Baroness Williams of Trafford Portrait Baroness Williams of Trafford
- Hansard - - - Excerpts

That is correct, but I thought I might go through it. I am just being thorough.

Amendment 5 seeks to add the ability to interview a person “under oath” as a possible requirement of a UWO. It would already be a criminal offence for the respondent to knowingly or recklessly provide false or misleading information. We must also remember that this is only an investigative power; if the case leads to criminal proceedings, it would be subject to the usual rules of giving evidence and allow for interviews “under caution”.

Amendments 16 and 18 address the issue of “purported compliance”. If a person does not comply with a UWO, their property is presumed to be recoverable under civil recovery proceedings. Given the severe consequences of not complying, it is right that this rebuttable presumption should not apply to a person who purports to provide a response. This avoids any legal ambiguity as to when the presumption will apply.
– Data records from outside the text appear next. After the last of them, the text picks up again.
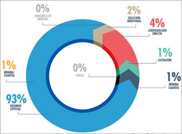 Para las campañas territoriales del año 2015, en la modalidad de contratación más usada para la selección de contratistas fue la contratación directa, seguida por la contratación a través de regímenes especiales, a saber: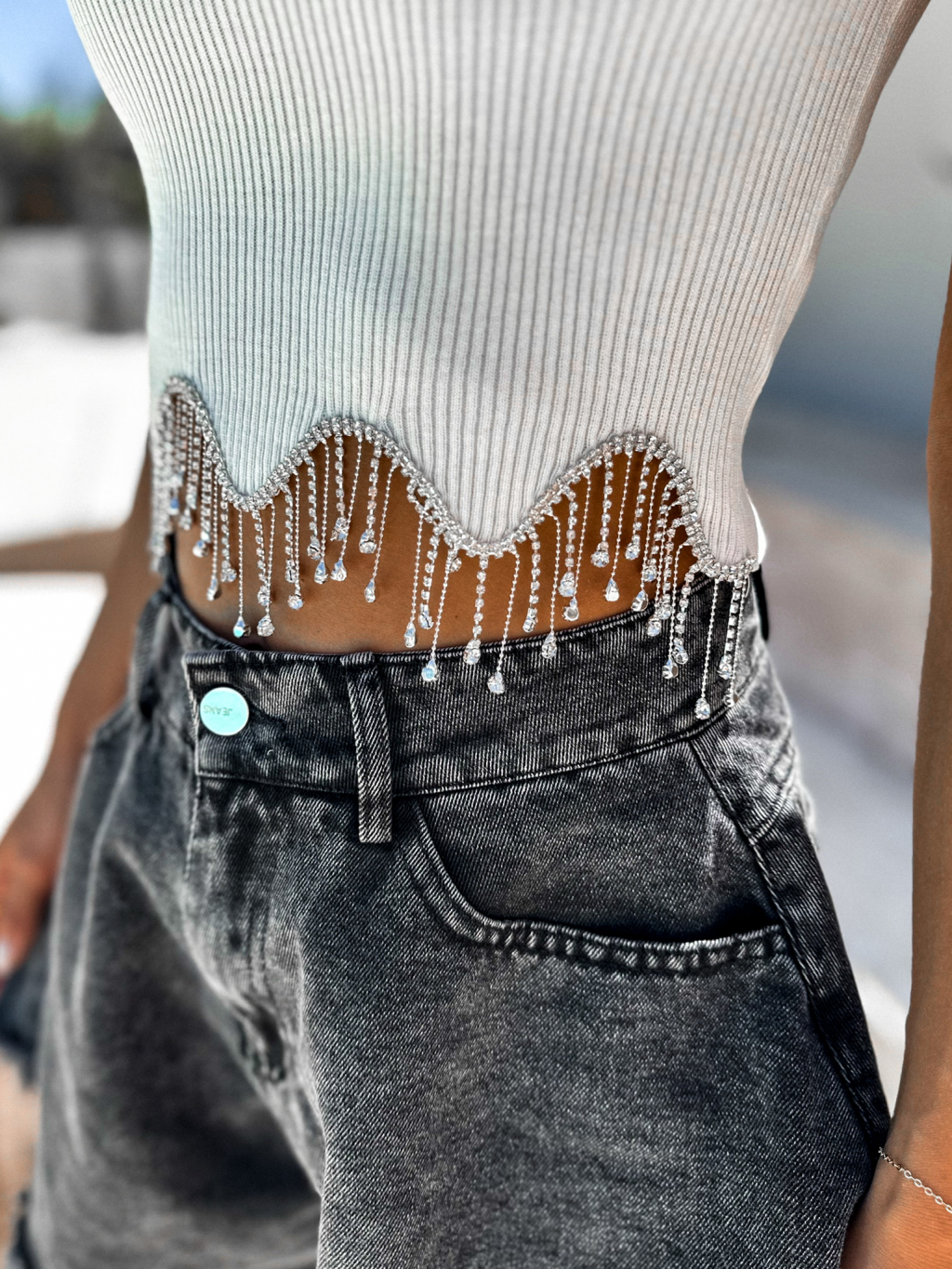 Bílý elegantní top HENDENT se stříbrnými detaily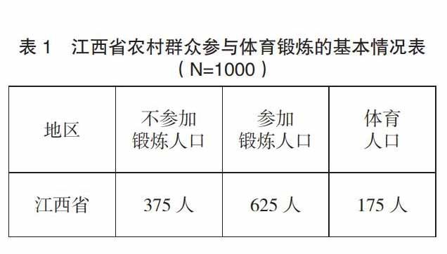 1 研究对象 随机抽取江西省9个市级地区;南昌市、赣州市、九江市、新余市、上饶市、萍乡市、抚州市、景德镇、鹰潭等地的农村作为研究对象。 2 结果与分析 2.1 江西省政府对农村体育的重视程度 对江西省农村各乡镇进行调查发现:江西省各地有关农村体育工作的文件以及制度建设并不完善,规章制度建设相当薄弱,加上领导对农村体育工作不够重视,因此大大影响农民对体育工作的认识和参与。由于江西省农村地区地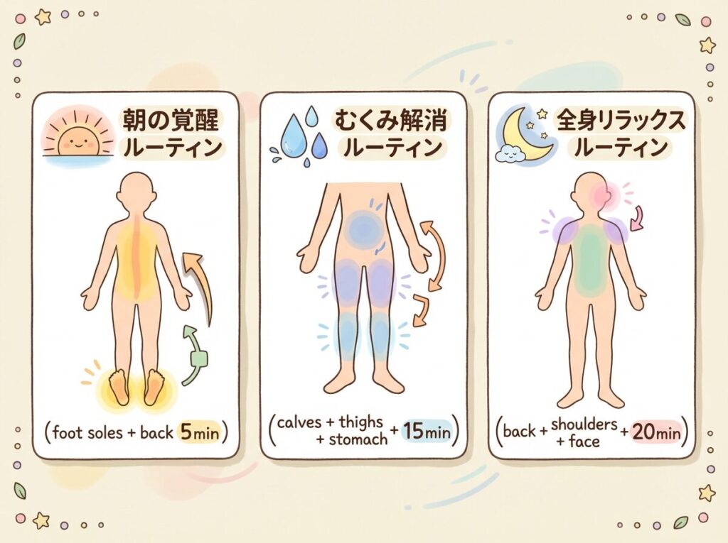 シャクティマットは「背中だけ」で使うのはもったいない。顔のむくみ解消、お腹の腸活サポート、太もものセルライトケア、足裏の疲労回復など、部位ごとに違う効果が得られます。基本は背中で10〜20分、慣れてきたら悩みに合わせて他の部位にも挑戦してみましょう。

However, where that individual provides responses that do not satisfy the enforcement agency, he or she then runs the risk that the poor quality of the responses will encourage the agency to take further action, and in those circumstances the burden of proof switches back to law enforcement, as is normal.

Purported compliance applies to a scenario where all the requirements of a UWO have been met but where the response is less than satisfactory. The agency is able to tailor the request for information very specifically, so will have some control over this. We do not want to get into arguments before the courts as to whether the presumption should apply and whether the individual has complied.

Finally, the UWO provisions will allow the enforcement authority to make very specific requests for information, reducing the risk of a low-value response being provided. I hope that my noble friend will feel that this addresses the point he has so expertly raised. He also raised a point about gambling. With regard to the Ladbrokes test or the William Hill defence, we would expect a high level of evidence to prove that, and we would expect it to meet the requirements of the UWO. The UWO will have achieved its purpose by flushing out information.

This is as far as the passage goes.